Home » The Challenge trailer ushers in dystopia

The Challenge trailer ushers in dystopia

by Manilla Greg
0 comment


Pretend for a second that Squid Game isn’t a chilling commentary on the evils of capitalism and that it’s really simply enjoyable and video games. That’s what it should take to take pleasure in Squid Game: The Challenge, Netflix’s actuality competitors based mostly on the hit South Korean drama. The collection premieres November 22, and a brand new trailer launched on Friday teases the antics to come back.

Here’s the official synopsis: “456 actual gamers will enter the sport in pursuit of a life-changing reward of $4.56 million. As they compete via a collection of video games impressed by the unique present – plus stunning new additions – their methods, alliances, and character shall be put to the take a look at whereas opponents are eradicated round them.”

Squid Game: The Challenge | Official Teaser | Netflix

$4.56 million is a whopping reward—the “largest money prize in actuality present historical past,” in response to the trailer. “People do a complete lot worse for a complete lot much less,” one contestant observes.

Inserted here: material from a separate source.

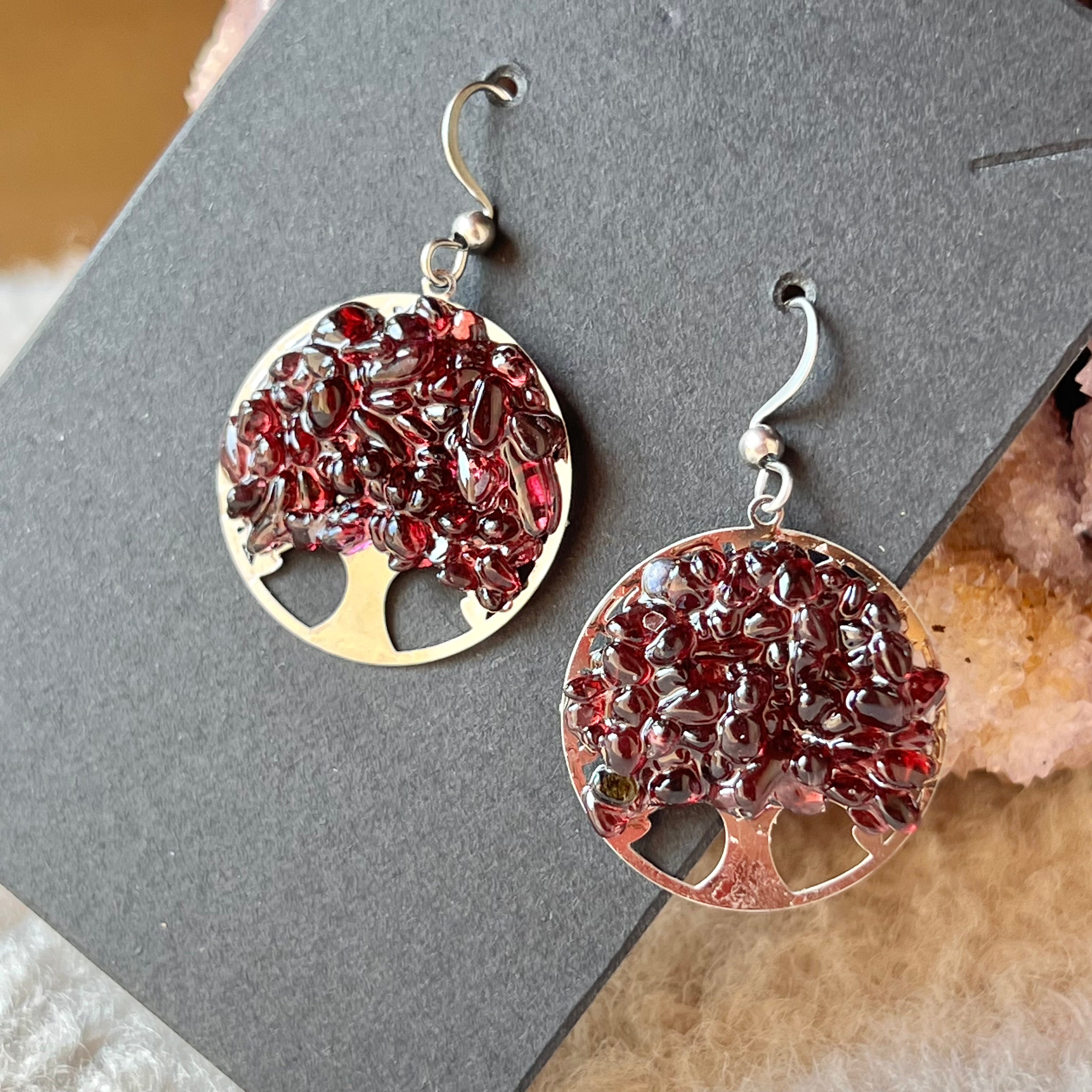 Kolczyki z granatem Drzewo Życia

At threat of stating the plain, bringing Squid Game to life is an instance of massively lacking the purpose. It’s a narrative concerning the horror of spectacle and turning the striving of the oppressed into leisure for the oppressor. It’s a kind of a Russian nesting doll of dystopia, the place the enormous entertainment-tech behemoth of Netflix is dangling a near-unimaginable sum of money in entrance of a group of normal individuals. And whereas nobody on this model of the sport really dies (although a number of of them had been injured), pulling the competitors out of the context of the present strips away the message, which is that the competitors is definitely fairly evil, and the truth that the characters are determined sufficient to compete is a poor reflection of our society.

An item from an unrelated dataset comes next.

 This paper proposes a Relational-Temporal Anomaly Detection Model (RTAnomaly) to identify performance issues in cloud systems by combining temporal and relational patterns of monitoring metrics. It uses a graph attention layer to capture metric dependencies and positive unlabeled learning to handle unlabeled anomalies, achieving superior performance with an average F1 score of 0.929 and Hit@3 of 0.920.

Furthermore, Netflix has made an enormous funding in South Korean leisure. On high of dropping an enormous money prize on one fortunate contestant for Squid Game: The Challenge, co-CEO Ted Sarandos introduced earlier this 12 months that the corporate would spend $2.5 billion on South Korean tv. Yet as of August, Netflix has reportedly outright ignored the Korea Broadcasting Actors Union requires fairer compensation, issues which have additionally been raised by these exhibits’ writers and crews. (In a press release to the Los Angeles Times, Netflix mentioned it pays honest charges that “meet or exceed Korean legislation.”) Despite the large success of Squid Game, writer-director Hwang Dong-hyuk was solely paid per his unique contract: “I’m not that wealthy,” he instructed The Guardian. “But I do have sufficient. I’ve sufficient to place meals on the desk. And it’s not like Netflix is paying me a bonus.” (For the report, he inspired individuals to not take issues “too critically” when the truth present was introduced.)

All this to say, it’s onerous to separate Squid Game and the real-life circumstances that impressed it from Squid Game: The Challenge. Netflix is making a giant wager on it, although, so we’ll see how many individuals are in a position to take their considering caps off and tune in for some good old style enjoyable. Are you not entertained?